1998 kam ihr Demotape "Blood Pounding Black" heraus, welches noch mit Drumcomputer produziert wurde.

Ende 2000 wurde ihr Debutalbum "Massive Brutality" aufgenommen und im April 2001 veröffentlicht. Produziert wurde es von Achim Koehle (Pungent Stench, Primal Fear,...).

Alle Musiker von MY DARKEST HATE spielen auch in anderen Bands wie SACRED STEEL, PRIMAL FEAR und AZMODAN.

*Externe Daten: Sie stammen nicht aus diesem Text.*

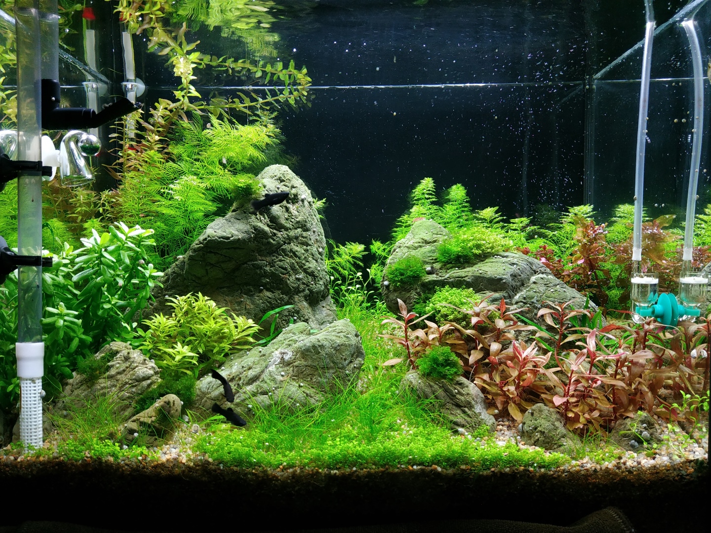 3. Фильтр сильный для вашей аквы. Поставьте поменьше. По сути фильтр нужен на старте , собирать мусор. А дальше уже достаточно чего то что перемешивает воду. Но не сильно, из за мощности фильтра у вас выветривается СО2. Поэтому ПШ - 7,5. И лучше , когда смените фильтр, и не захотите переходить на рябину, переместите колокол, над фильтром, чтобы несильное течение захватывало СО2.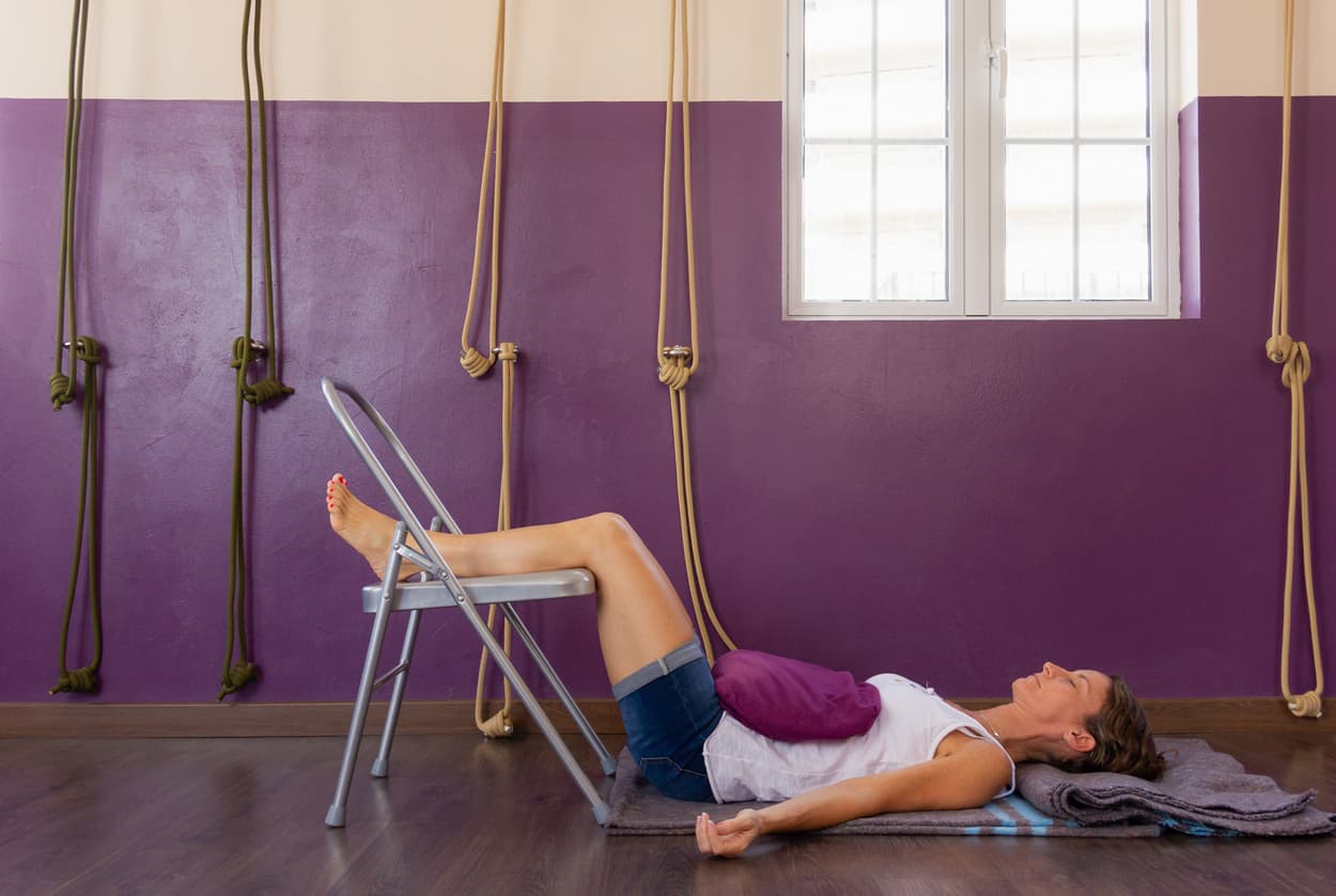 Recuéstate en el suelo y coloca la silla frente a tus piernas. Sube los pies al asiento y, en esa postura, sube la cadera para formar una escuadra. Baja sin permitir que tus glúteos toquen el piso y repite.

Im Sommer 2001 verließ ihr Sänger und Bassist wegen seinem Ohrleiden die Band. Sein Nachfolger wurde Chris Simper (Ex-Pale, Ex-Disinfect).

Die mittlerweile 5 Deutschen spielen langsamen, melodischen Death Metal. Wer jetzt an AMORPHIS & Co denkt, liegt falsch. Sie gehen mehr in Richtung langsame BENEDICTION mit BOLT THROWER und MASSACRE.

Tiefe Gitarren, groovige Rhythmen und tiefer Gesang erfreuen das Gemüt. Wer DM zum Entspannen sucht, oder einfach Musik für kuschelige 35 Minuten mit der Freundin sucht ist mit "Massive Brutality" richtig bedient.

Das soll jetzt wirklich nicht heißen, dass die Musik schlecht, ist, ganz im Gegenteil, uns wird ruhiger, doublebass- lastiger DM gezeigt, der sich sehen lassen kann.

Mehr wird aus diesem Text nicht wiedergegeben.